3. El vehículo normal con el que la Iglesia, fiel a su naturaleza sacramental de signo e instrumento de la unión con Dios y de la unidad de todo el género humano (cf. Lumen gentium LG 1) da testimonio de la redención que actúa en la sociedad, es la misión del cristiano en el mundo. Corresponde al cristiano, y en particular al laico protagonista del compromiso eclesial, gracias a la índole secular de su vocación, hacer presente en todos los ambientes el acontecimiento salvífico de Cristo. Tarea esencial de la misión, aparece, pues, el deber de manifestar de modo sensible la unidad de los cristianos en las diversas situaciones existenciales, presentando la experiencia de hombres nuevos capaces de colaborar en la construcción de sectores de sociedad más verdadera y más justa.

El Concilio destaca con vigor este gran deber en el cristiano: "El divorcio entre la fe y la vida cotidiana de muchos debe ser considerado como uno de los más graves errores de nuestra época... Siguiendo el ejemplo de Cristo, quien ejerció el artesanado, alégrense los cristianos de poder ejercer todas sus actividades temporales haciendo una síntesis vital del esfuerzo humano, familiar, profesional, científico o técnico, con los valores religiosos, bajo cuya altísima jerarquía todo coopera a la gloria de Dios" (Gaudium et spes GS 43). La invitación a convertirse en constructores de la civilización de la verdad y del amor no puede menos de extenderse a todos los hombres sinceramente comprometidos con el propio destino. Este es el sentido de la llamada incesante a la necesidad de la paz, tan amenazada hoy, llamada que la Iglesia no se cansa de repetir y por la que no deja de trabajar todo lo que puede.

Pero para que venza la paz es necesario un cambio de lógica dentro de nuestra civilización. Es preciso que se imponga la verdad sobre la mentira. Esto únicamente podrá suceder si prevalece el amor en el corazón de cada hombre, en los pequeños y en los grandes. Entonces la sociedad podrá tener como apoyo la dignidad de la persona, despuntará en su horizonte la perspectiva de días mejores.

Saludos

7 Ahora mi cordial saludo a cada persona de lengua española; en especial a los jóvenes y profesores del Colegio Internacional de Caracas y la grupo venido de Paraguay en la víspera de san Blas, patrono del país, tan venerado en él junto con el beato Roque González de Santa Cruz. A todos os aliento en vuestra vida cristiana y os bendigo de corazón.



Miércoles 8 de febrero de 1984

(Lectura: Carta de San Pablo a los Colosenses capítulo 2, versículos 1-5)

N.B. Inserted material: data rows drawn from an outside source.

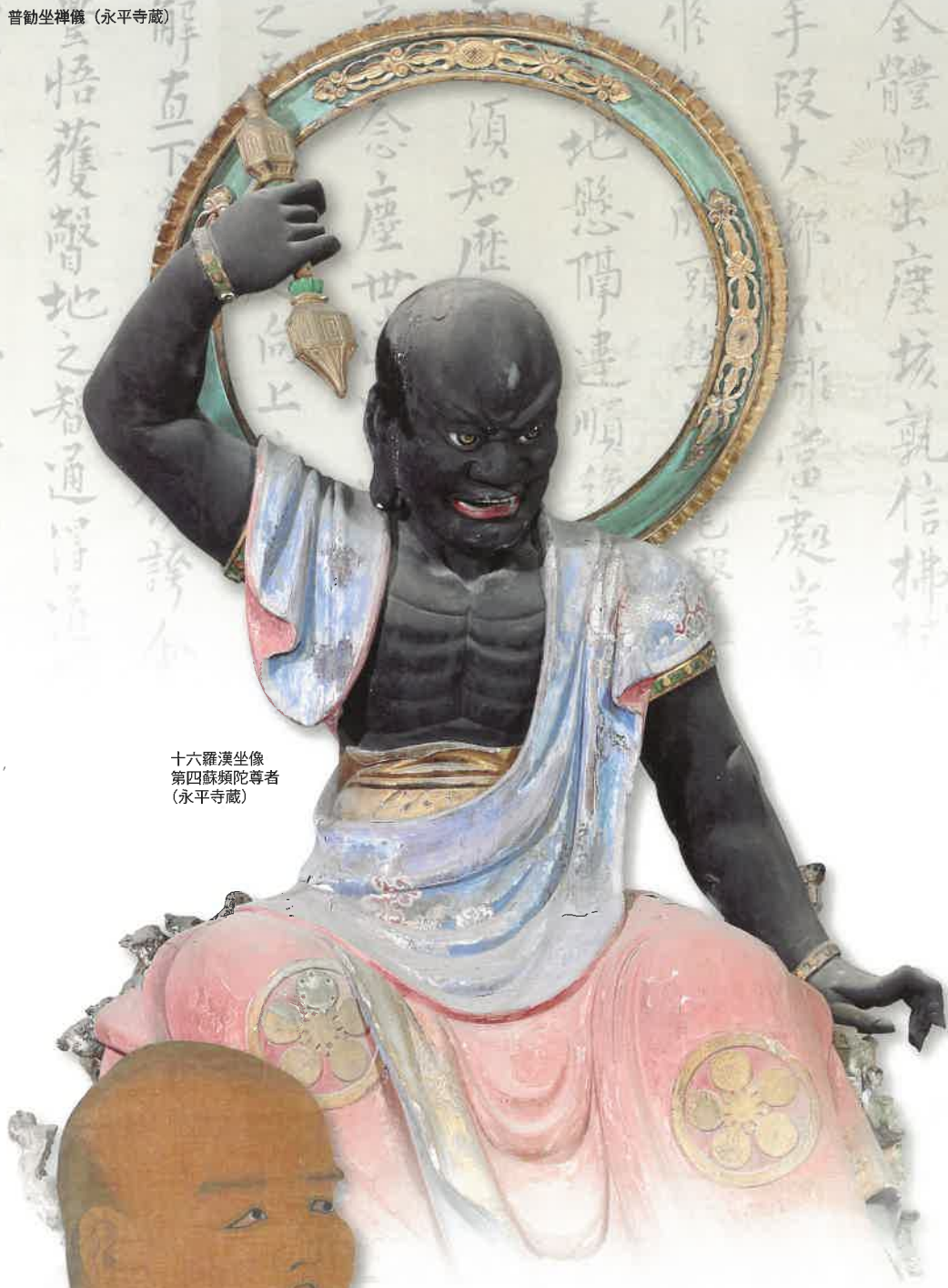
十六羅漢坐像 第四蘇頻陀尊者 (永平寺蔵)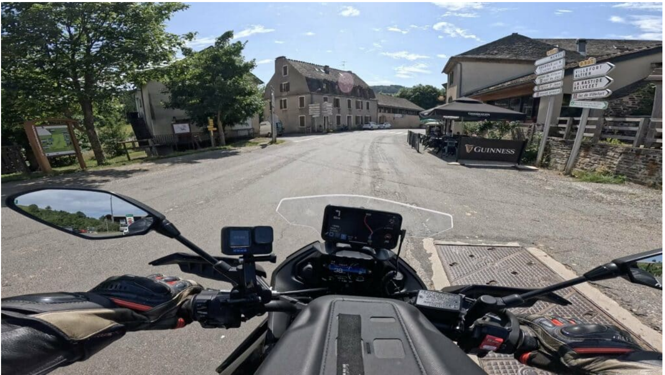
Bar au Bleynard Mont Lozère

Ce secteur dans le Parc National des Cévennes est interdit à la circulation en dehors de l'axe principal , mais il est possible de s'arrêter près de la route et de faire quelques pas pour se trouver en forêt le long des pistes de ski alpin : un endroit tranquille pour pique-niquer tout en ayant une vue sur la moto. Bien sûr, quelques kilomètres de là, le Col de Finiels est un endroit tout disposé pour faire une pause mais dans ce cas, vous ne serez pas le seul.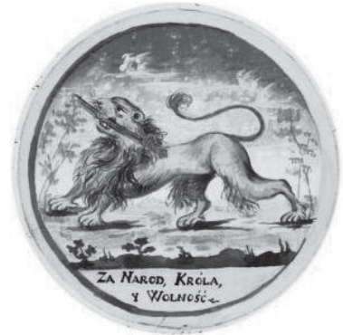
Rietavo herbas 1792 m. privilegijoje

1794 m. gruodžio–1795 m. sausio mėnesiais M. K. Oginskis atsisakė Jekaterinos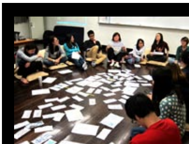
活動總回饋與分享。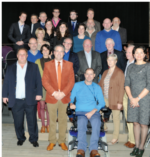
Het bijna voltallige bestuur van Open Vld Poperinge.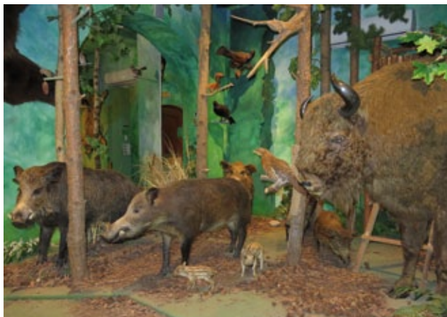
Fot. 1. Sala W polu i w kniei I „Las” Photo 1. Room The Field and the Forest I “Forest”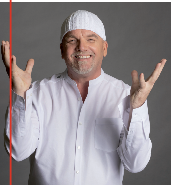
DJ Ötzi

Du bist bekannt für echte Partyhits und Mitsingklassiker. Wie bereitest du dich drauf vor, am Nordstrand von Norderney, so viele Menschen gleichzeitig in Festivalstimmung zu bringen?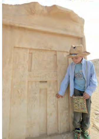
nepravé dveře Tetiho I.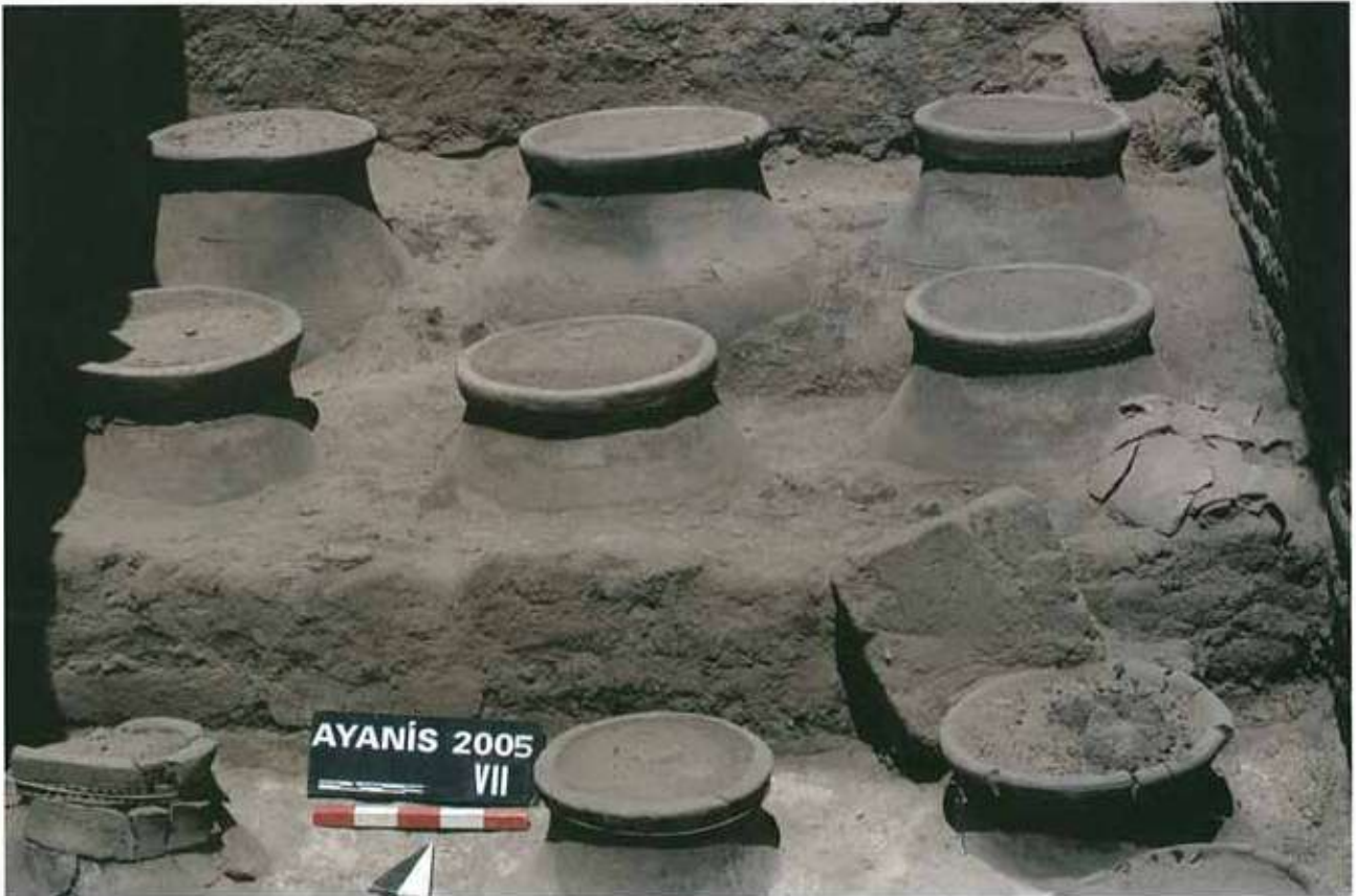
Res. 7: Ayanis batı depo odası.

1. En la Carta a los Colosenses (Col 2,1-5) que acabamos de escuchar, San Pablo desea a todos los cristianos que "alcancen todas las riquezas de la plena inteligencia y conozcan el misterio de Dios, esto es, a Cristo, en quien se hallan escondidos todos los tesoros de la sabiduría y de la ciencia". Por tanto, San Pablo presenta el cristianismo no como mera sabiduría humana, sino como un hecho que debe renovar continuamente, a la luz del Evangelio, la vida y cultura del hombre caído (cf. Gaudium et spes GS 58). El encuentro con Cristo que se hace realidad en la Iglesia, implica una concepción nueva de la existencia y de la realidad. La presencia redentora del Hijo de Dios hecho hombre constituye una clave de bóveda, un punto de vista último y global sobre el modo de vivir y pensar la existencia del hombre y del mundo. Por ello, quien cree en Cristo no pierde el sentido de la vida ni cae en la desesperación ni siquiera en los momentos más fatigosos, cuando todo puede parecer escándalo o locura.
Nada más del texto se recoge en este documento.